#### Task prompt:
All of the lines below are to be transcribed faithfully, with pictures excluded from the copy.

#### Source data:

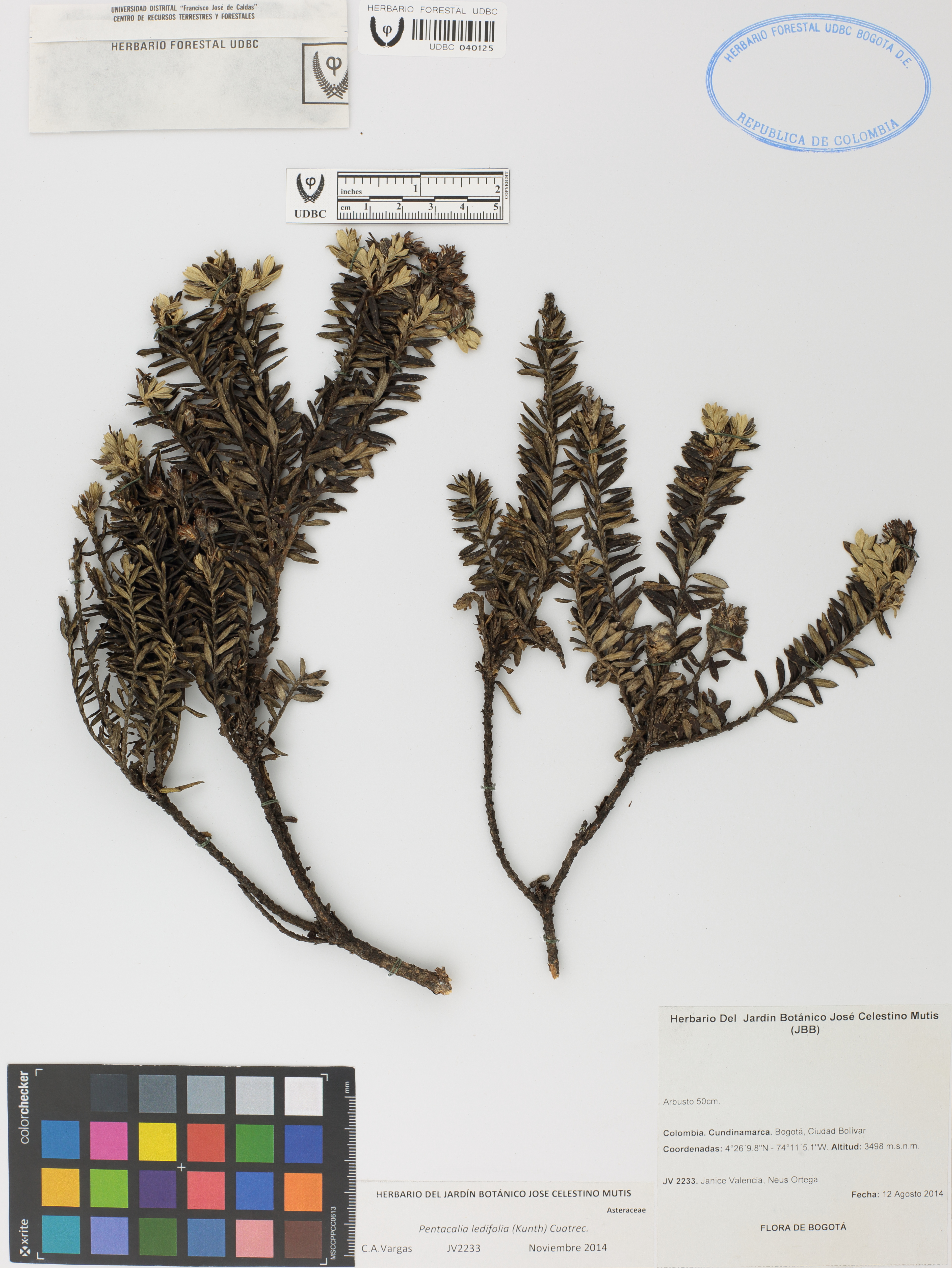 Fotografía del ejemplar Valencia, J. 2233, determinado como Pentacalia ledifolia en el año 2014
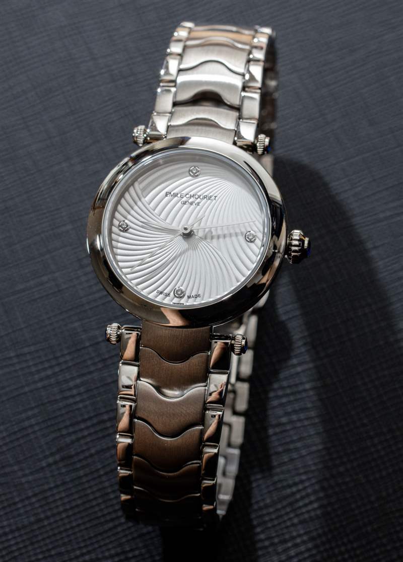 除了獨特的表盤設計(實際上,它們非常清晰——假設你可以不用所有的時標),Fair Lady 手表的原始元素包括“條形”表耳的特殊執行和彎曲手鏈鏈接的形狀。乍一看,手表本身并沒有大喊“Emile Chouriet”,但熟練的眼睛可以分辨出來。對于大多數佩戴者來說,更好的是,窈窕淑女的外觀類似于其他品牌的特定女性手表款式,但具有一些獨特的元素。這種針對主流奢侈級女表的特殊設計理念是明智的,并且往往會在這個價位上制造出成功的女表產品。
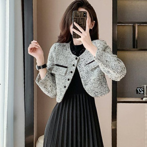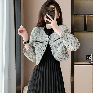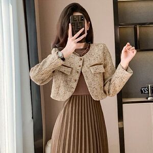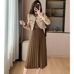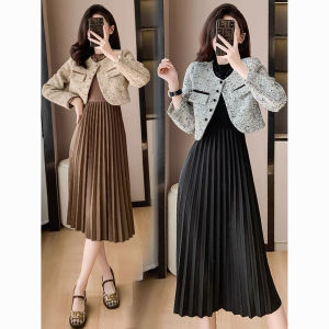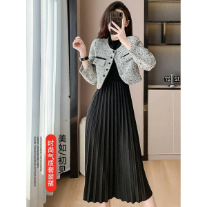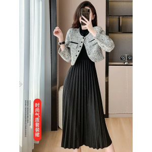 法式小香风套装裙女秋冬新款感小香风短外套百褶连衣裙两件套
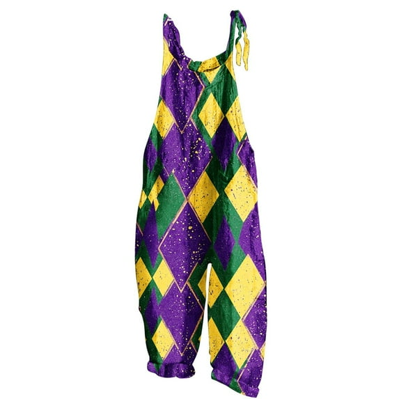 Hero image 0 of Awdenio Ladies Sleeveless Romper Dressy Adjustable Straps Mardi Gras Overalls Off-Shoulder Mask Print Cotton Linen Jumpsuit, 0 of 5

#### Task solution:
 Fotografía del ejemplar Valencia, J. 2233, determinado como Pentacalia ledifolia en el año 2014
 除了獨特的表盤設計(實際上,它們非常清晰——假設你可以不用所有的時標),Fair Lady 手表的原始元素包括“條形”表耳的特殊執行和彎曲手鏈鏈接的形狀。乍一看,手表本身并沒有大喊“Emile Chouriet”,但熟練的眼睛可以分辨出來。對于大多數佩戴者來說,更好的是,窈窕淑女的外觀類似于其他品牌的特定女性手表款式,但具有一些獨特的元素。這種針對主流奢侈級女表的特殊設計理念是明智的,并且往往會在這個價位上制造出成功的女表產品。
 法式小香风套装裙女秋冬新款感小香风短外套百褶连衣裙两件套
 Hero image 0 of Awdenio Ladies Sleeveless Romper Dressy Adjustable Straps Mardi Gras Overalls Off-Shoulder Mask Print Cotton Linen Jumpsuit, 0 of 5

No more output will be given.